[Opening GIVEN DATA section]

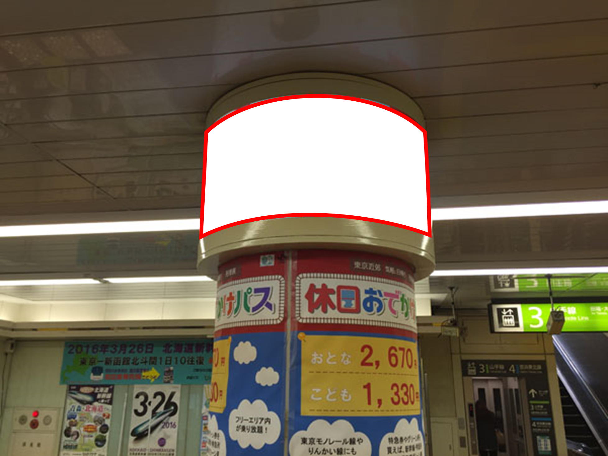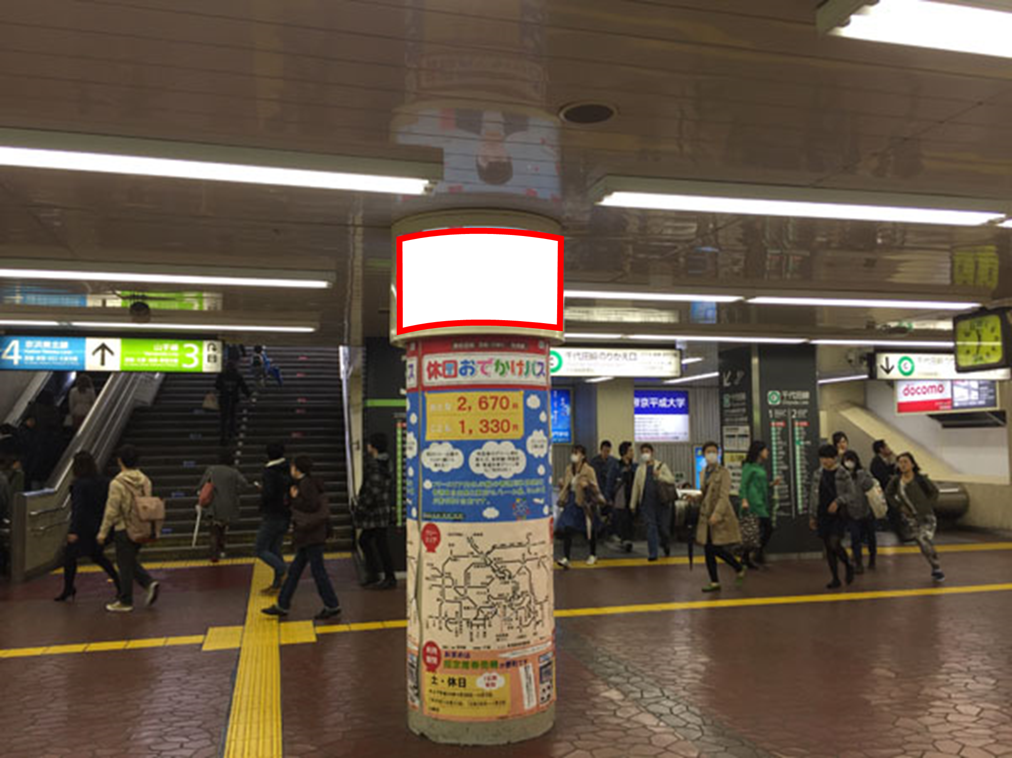■踊り場中心にある円形柱上部に設置され乗降される多くの方があらゆる方向からもご覧になる大変視認性の高い看板です。
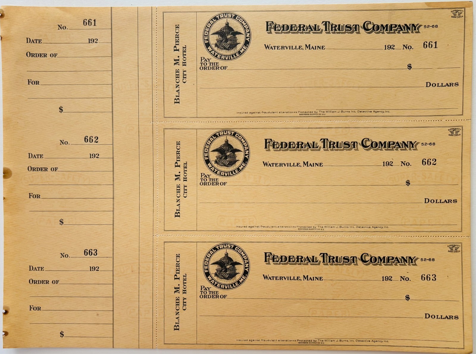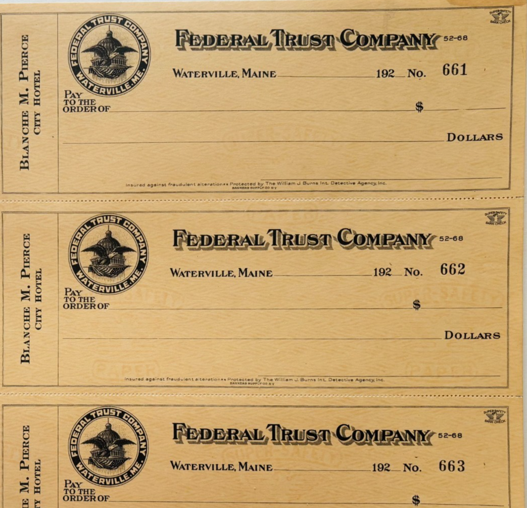 1920 Federal Trust Checks Lot of 3 City Hotel Waterville Maine 661-663 F18C1
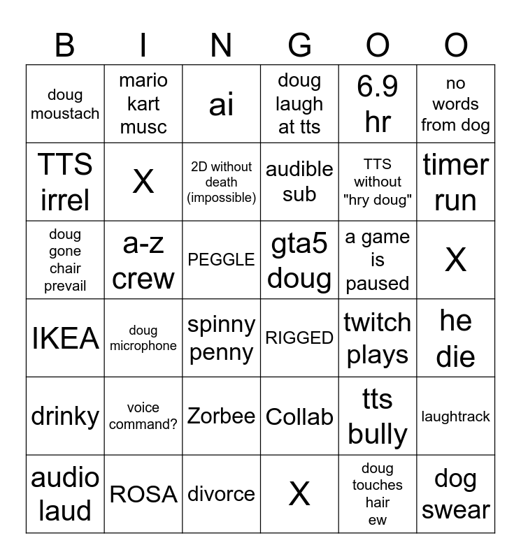 This bingo card has 36 words: Collab, Zorbee, X, TTS irrel, IKEA, gta5 doug, X, divorce, 6.9 hr, tts bully, timer run, doug laugh at tts, laughtrack, a-z crew, audible sub, doug moustach, drinky, a game is paused, doug gone chair prevail, ai, PEGGLE, doug microphone, RIGGED, spinny penny, twitch plays, mario kart musc, TTS without "hry doug", ROSA, 2D without death (impossible), no words from dog, dog swear, audio laud, he die, X, voice command? and doug touches hair ew.
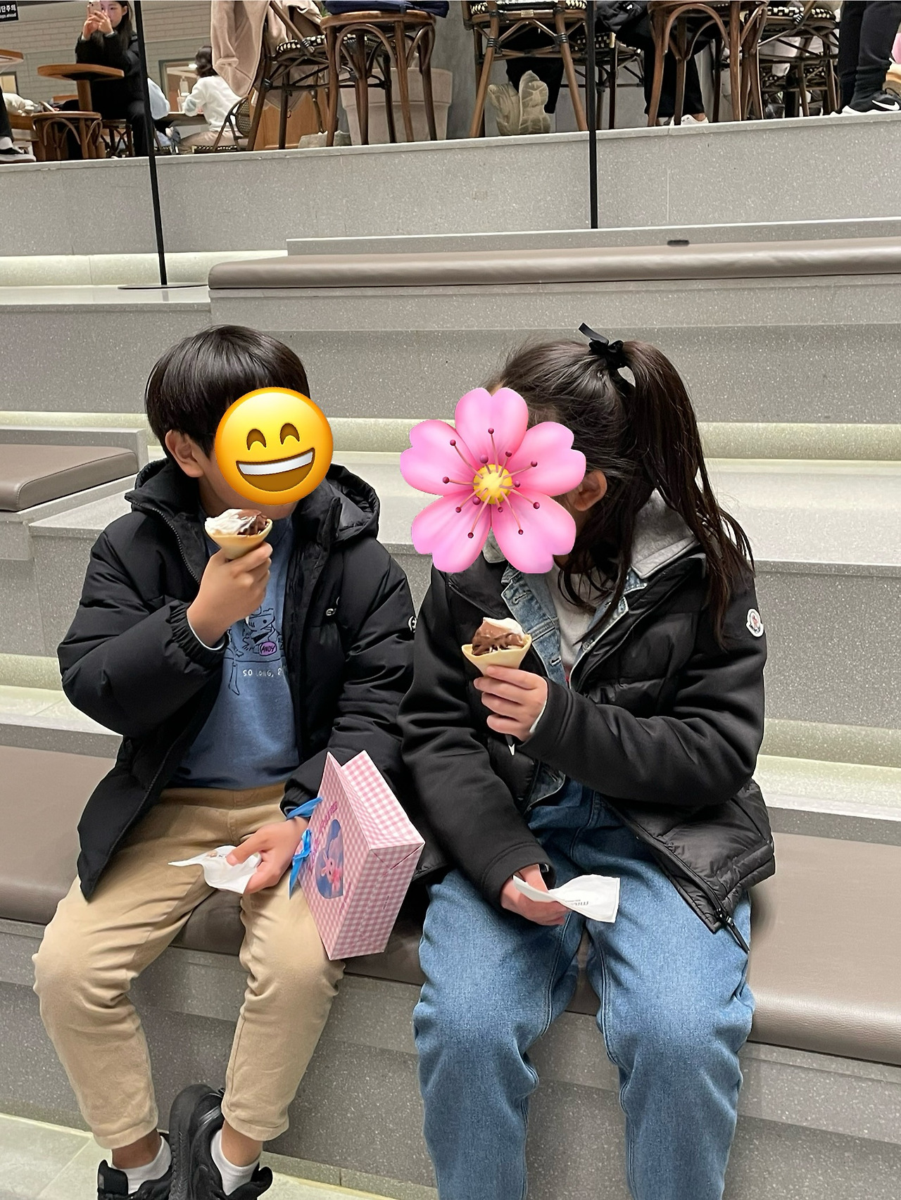 영화가 마친 후 헤어짐이 아쉬운지 서로 시간을 끌길래 아이스크림을 사주었더니 참 예쁘게도 먹으며 재잘재잘합니다.
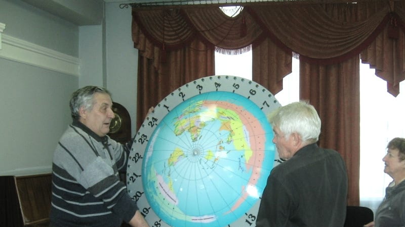 На Земле, конечно, существуют часы, решающие проблему «как узнать время в любой точке мира». Но решение российских конструкторов весьма оригинально. К примеру, есть в мире часы «Гео­хрон», которые представляют собой прямоугольный экран с кольцевой картой мира, нанесённой на ленту, которая медленно вращается синхронно движению Земли. Часы позволяют определить солнечное, всемирное и местное время по Гринвичу, освещённость Земли Солнцем. Однако точное определение времени по ним требует использования расчётных таб­лиц и удобны они скорее специалистам. Часы «Глобальное время» рассчитаны на обычного человека. Простые правила позволяют легко узнать время на любом континенте.
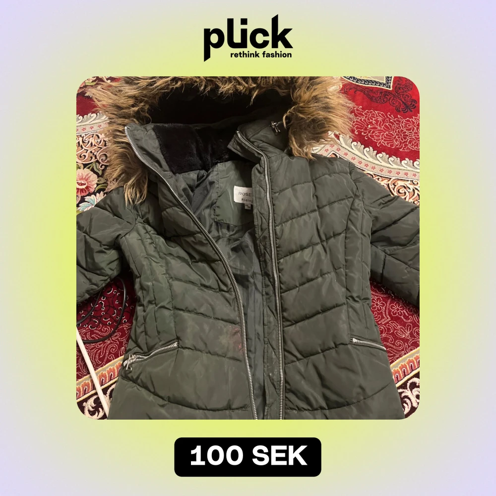 Säljer en grön quiltad jacka från Rosetti i storlek 158/164. Jackan har en mysig fuskpälsfodrad huva och dragkedja framtill. Perfekt för kalla vinterdagar! 🧥❄️
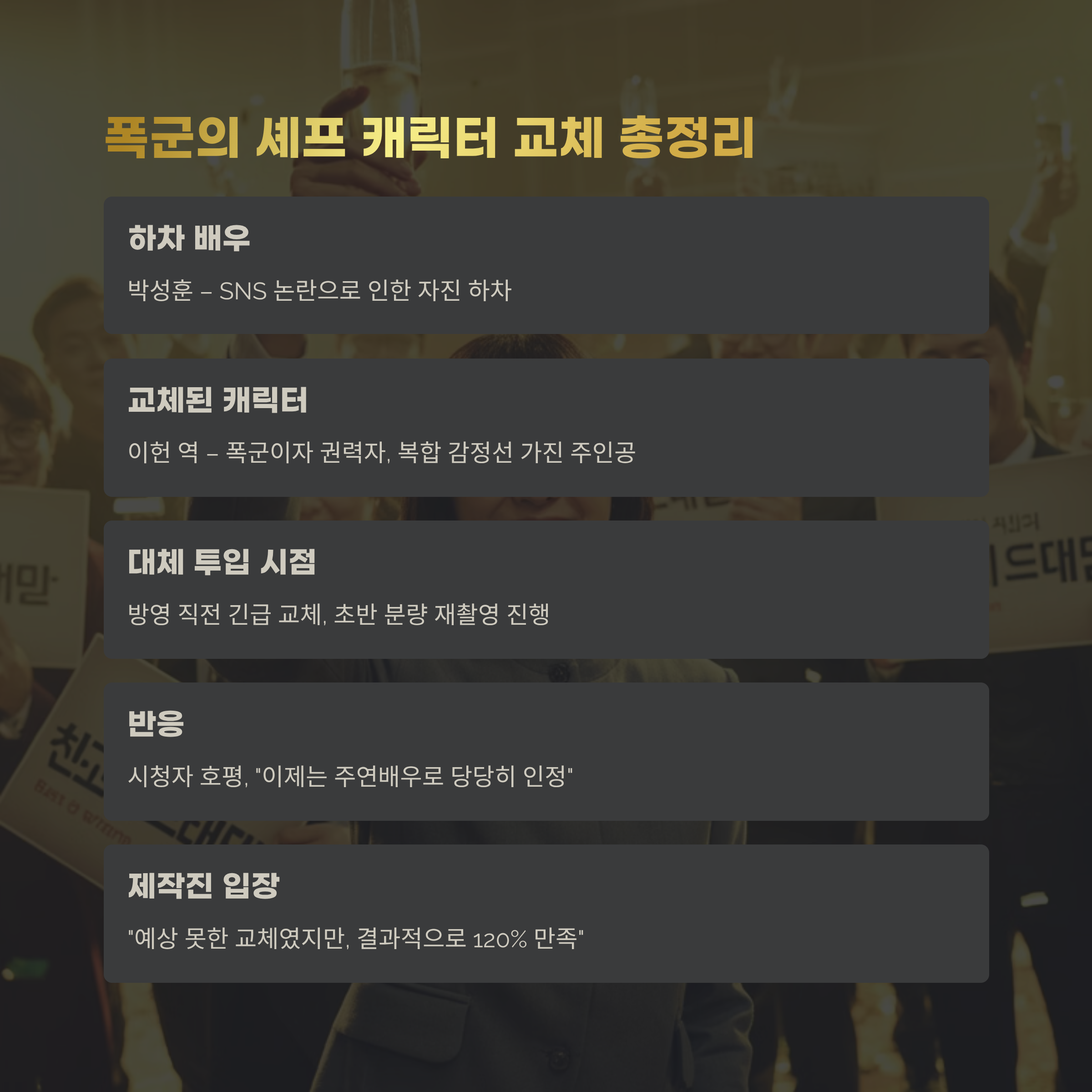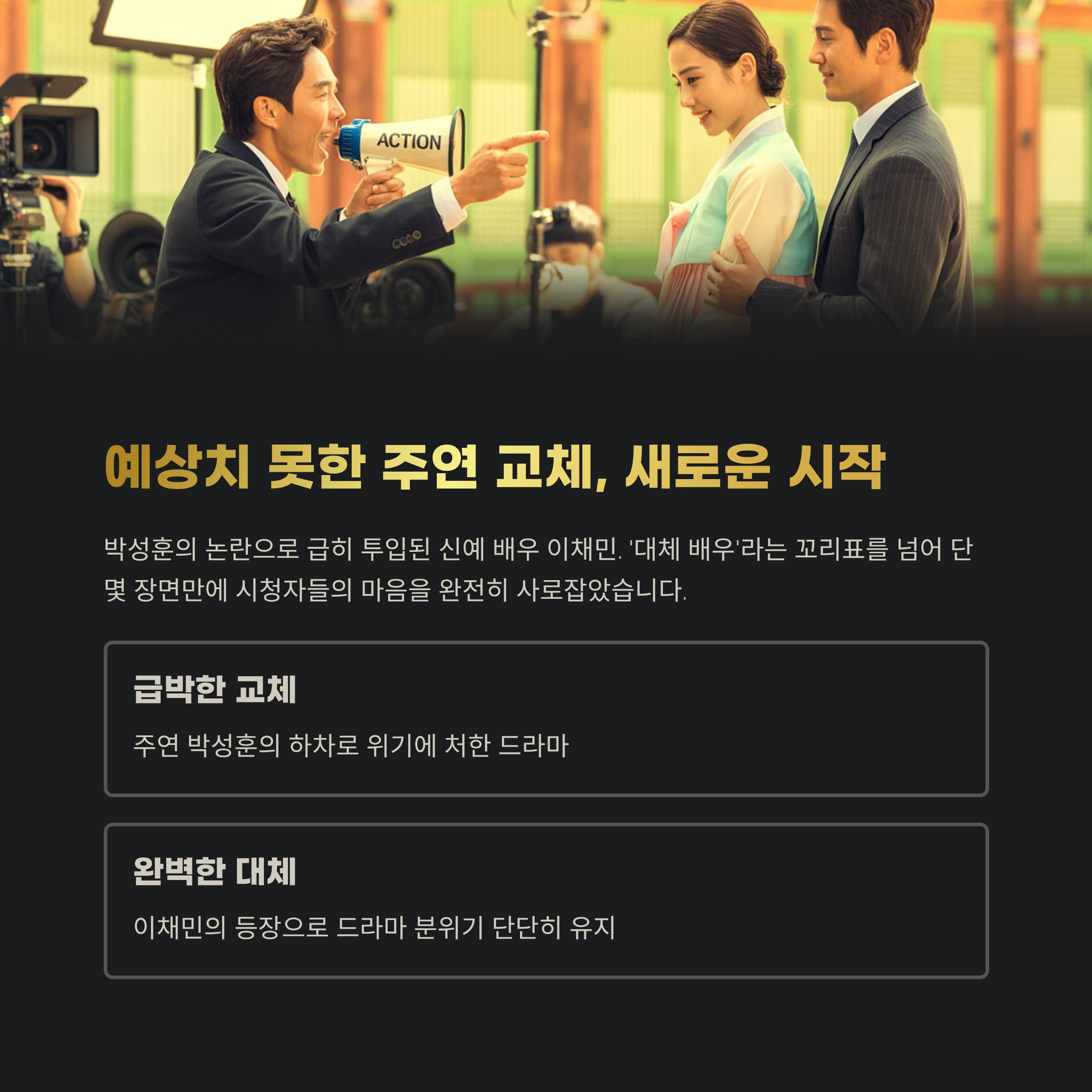 | 대체 투입 시점 | 방영 직전 긴급 교체, 초반 분량 재촬영 진행 |
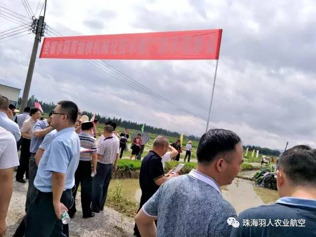 借助现场培训演示会,大家共同积极探索了农机农艺融合新模式,着力解决水稻全程机械化的薄弱环节,推进水稻生产的全程机械化的发展。随着珠海羽人自主研发的谷上飞3WDM8-20L飞防植保演示,其负载能力强、抗风性能好、施药效果好、操作简便、既省工、省时,又减轻了劳动强度,深受观摩人员的青睐及广大种植户的认可。珠海羽人出席代表蔡总对领导、种植户及现场观摩人员进行现场讲解,进一步让领导、种植户及观摩人员深入了解到农用无人机对现代农业机械发展的重要性。据介绍,珠海羽人1架20L的农用无人机,仅约8-9分钟即可喷洒完满载20L的水(药)剂,而人工打药1天平均可喷洒10-20亩地农田,相比之下,农用无人机远远高于人工打药效率,省人工降成本,越来越受到了农户的广泛认可和欢迎。
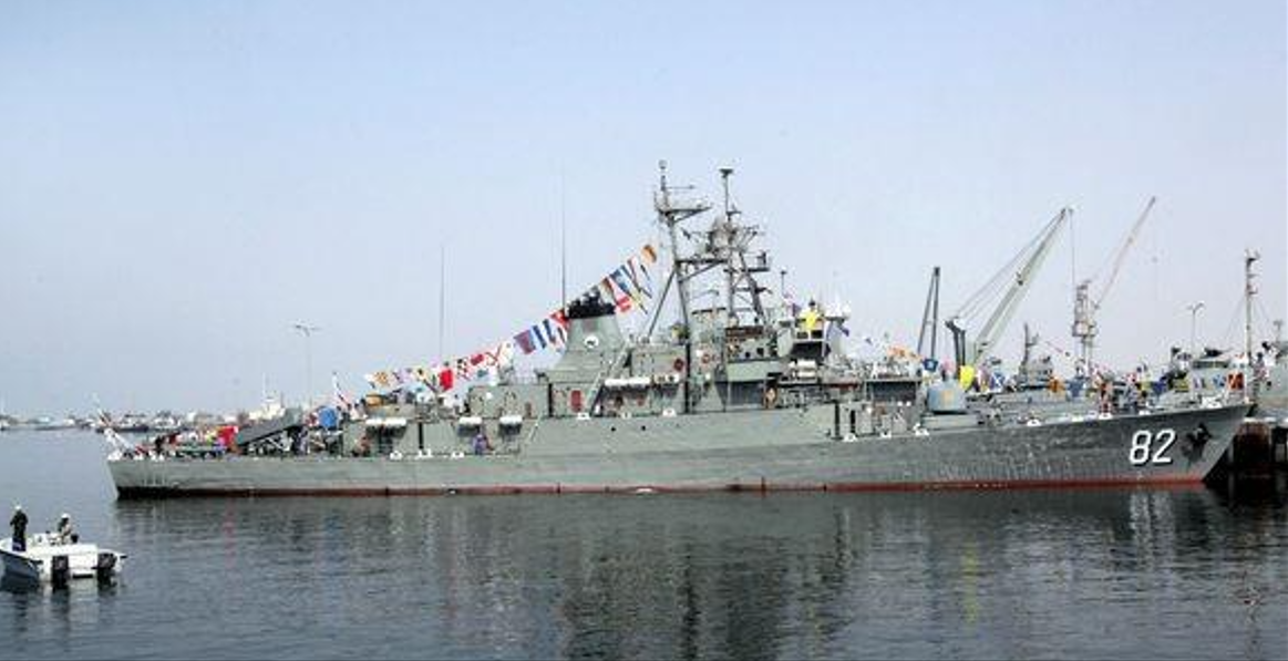 伊朗海军来了一艘PF-103“巴扬多尔”级轻型护卫舰82“纳格迪”号,满载排水量1135吨。主要舰载武器是1座伊朗仿制Fajr-27型76毫米舰炮,1座20毫米机关炮,2座双联装仿C-802的“努尔”反舰导弹发射架。
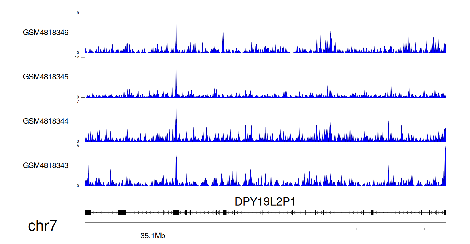 > Dataset: GSE131257 - DPY19L2P1 peak across samples

[Closing GIVEN DATA section]

[YOUR INSTRUCTIONS]
Using the entries above, repeat exactly the lines from the one with "분량 재촬영 진행 |" to the one with "借助现场培训演示会,大家共同", both included, and leave the pictures behind.

[EXPECTED ANSWER]
 | 대체 투입 시점 | 방영 직전 긴급 교체, 초반 분량 재촬영 진행 |
 借助现场培训演示会,大家共同积极探索了农机农艺融合新模式,着力解决水稻全程机械化的薄弱环节,推进水稻生产的全程机械化的发展。随着珠海羽人自主研发的谷上飞3WDM8-20L飞防植保演示,其负载能力强、抗风性能好、施药效果好、操作简便、既省工、省时,又减轻了劳动强度,深受观摩人员的青睐及广大种植户的认可。珠海羽人出席代表蔡总对领导、种植户及现场观摩人员进行现场讲解,进一步让领导、种植户及观摩人员深入了解到农用无人机对现代农业机械发展的重要性。据介绍,珠海羽人1架20L的农用无人机,仅约8-9分钟即可喷洒完满载20L的水(药)剂,而人工打药1天平均可喷洒10-20亩地农田,相比之下,农用无人机远远高于人工打药效率,省人工降成本,越来越受到了农户的广泛认可和欢迎。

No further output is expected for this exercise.